Items from a dataset
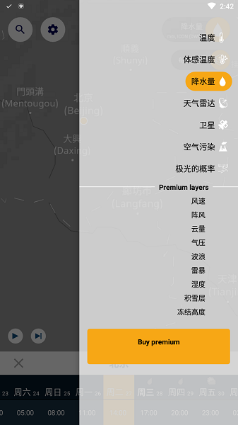 2、免费(卫星云图、温度、降水量、空气污染〔雾霾〕、天气雷达、风向等);
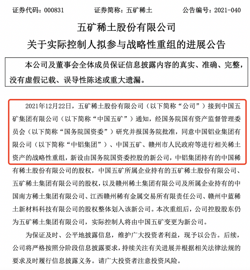 12月22日晚间,五矿稀土(47.470,2.49,5.54%)公告,经国务院国资委研究并报国务院批准,同意中国铝业(6.730,0.55,8.90%)集团有限公司、中国五矿、赣州市人民政府等进行相关稀土资产的战略性重组。重组完成后,五矿稀土的实控人将变更为国务院国资委控股的新公司。
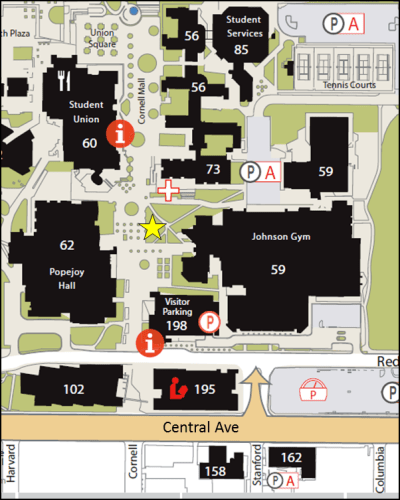 The yellow star shows the market location. Join us Wednesdays, from 10am-2pm on the Cornell Mall. There will be ten vendors in the grassy triangle just west of Johnson Gym.
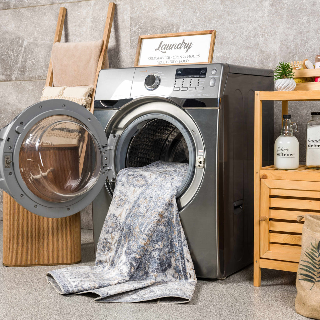About: The Blue Aurum Washable Area Rug showcases a stunning distressed medallion design, reminiscent of traditional Turkish craftsmanship. With a color palette of soothing blue, beige, and gray tones, this rug effortlessly combines classic elegance with a modern touch. Its Turkish-inspired patterns add character and timeless charm to any space, while its washable construction ensures both style and practicality. Perfect for living rooms, dining rooms, or entryways, the Blue Aurum rug brings a touch of vintage appeal and comfort to your home, while offering a soft, luxurious feel underfoot.
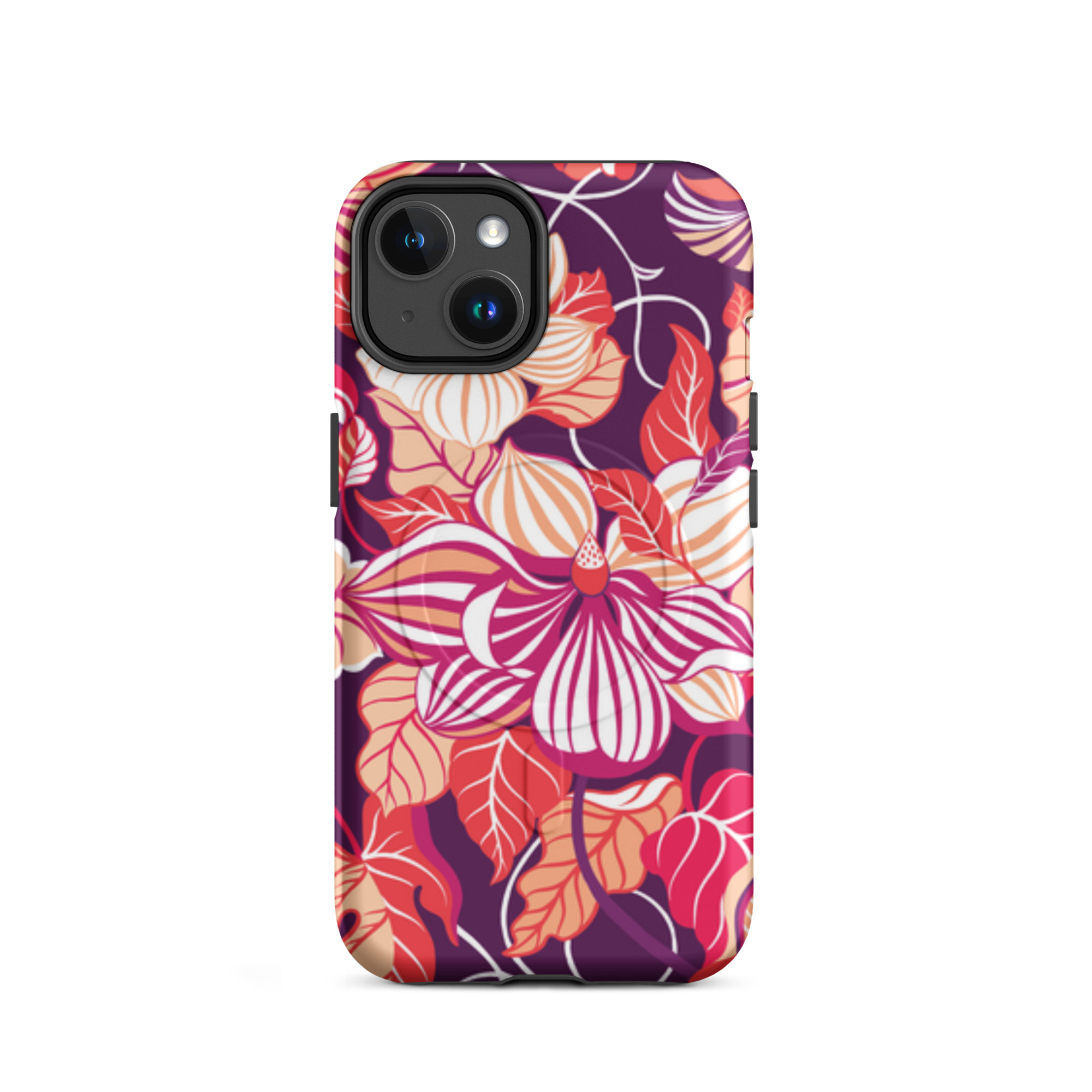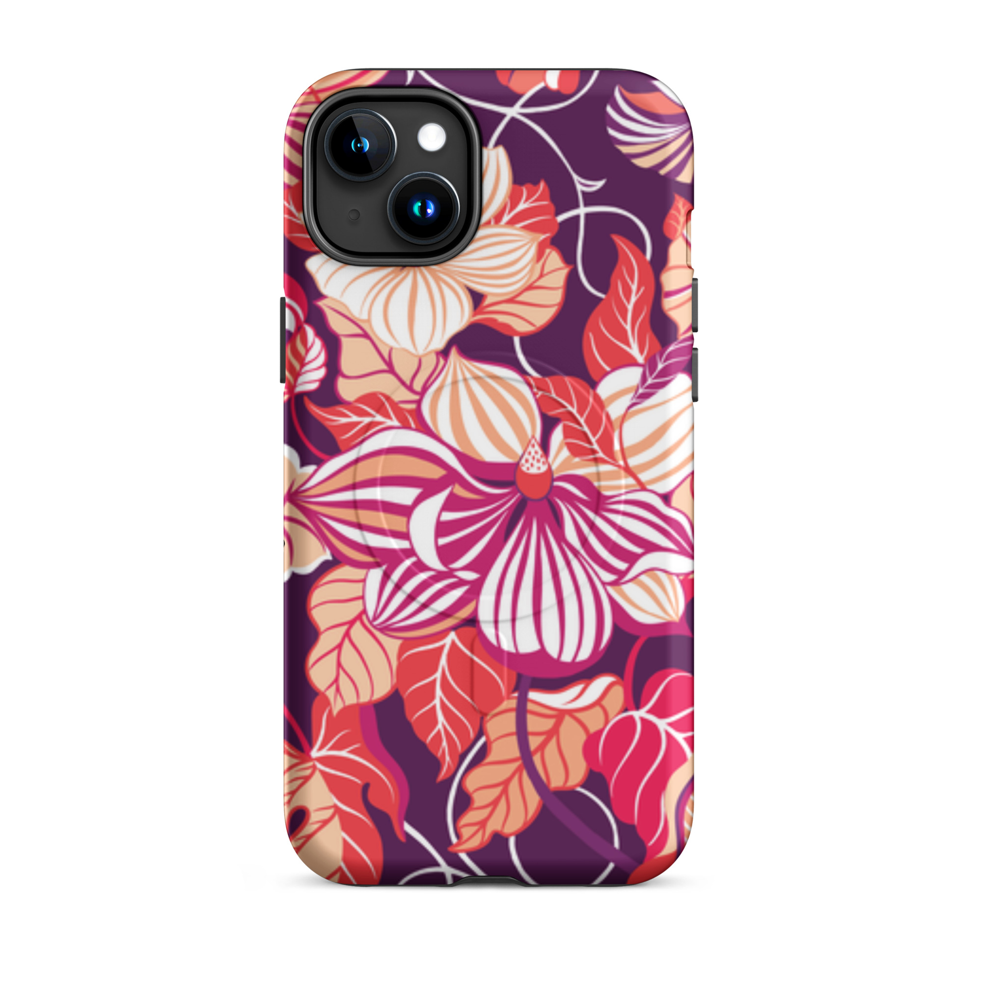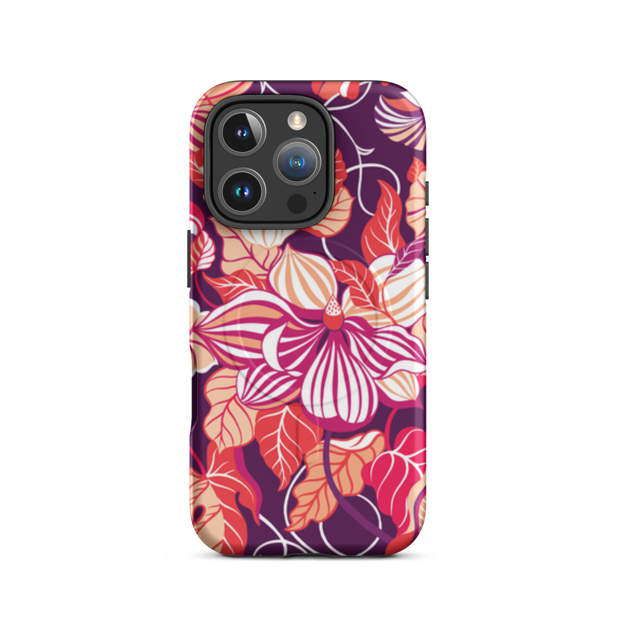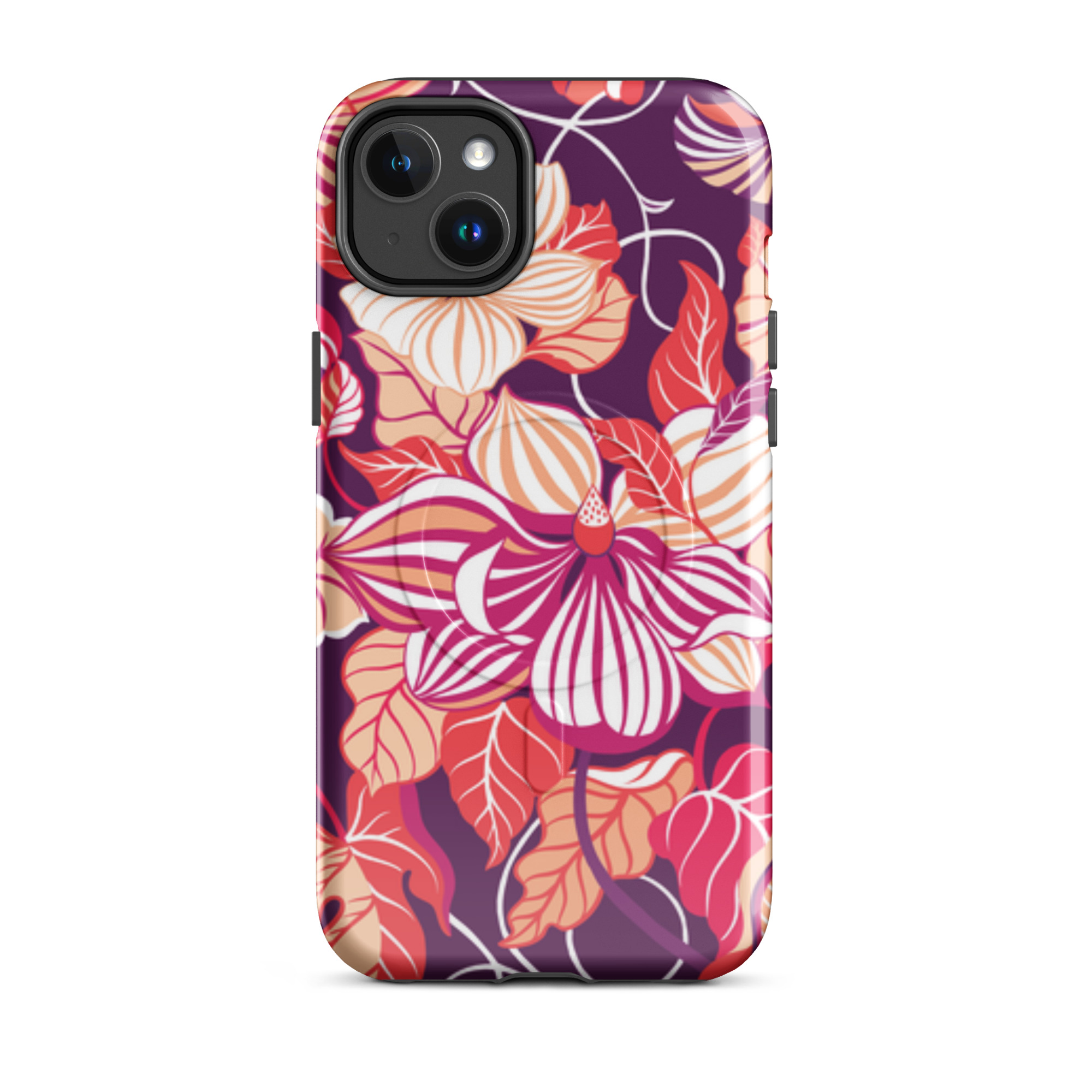 Capa para iPhone® MagSafe® - flores grandes e estilizadas em tons de vermelho, laranja, rosa e branco.
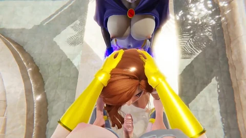 Azione Manga POV 3D Con Futa Starfire Che Viene Penetrata Da Dietro E Riceve Un Pompino Da Raven E Batgirl

## [GOAL OF THE EXERCISE]
Restate, word for word and without pictures, the lines from the line containing "Capa para iPhone®" to the last line of the records above.

## [FINISHED TASK]
 Capa para iPhone® MagSafe® - flores grandes e estilizadas em tons de vermelho, laranja, rosa e branco.
 Azione Manga POV 3D Con Futa Starfire Che Viene Penetrata Da Dietro E Riceve Un Pompino Da Raven E Batgirl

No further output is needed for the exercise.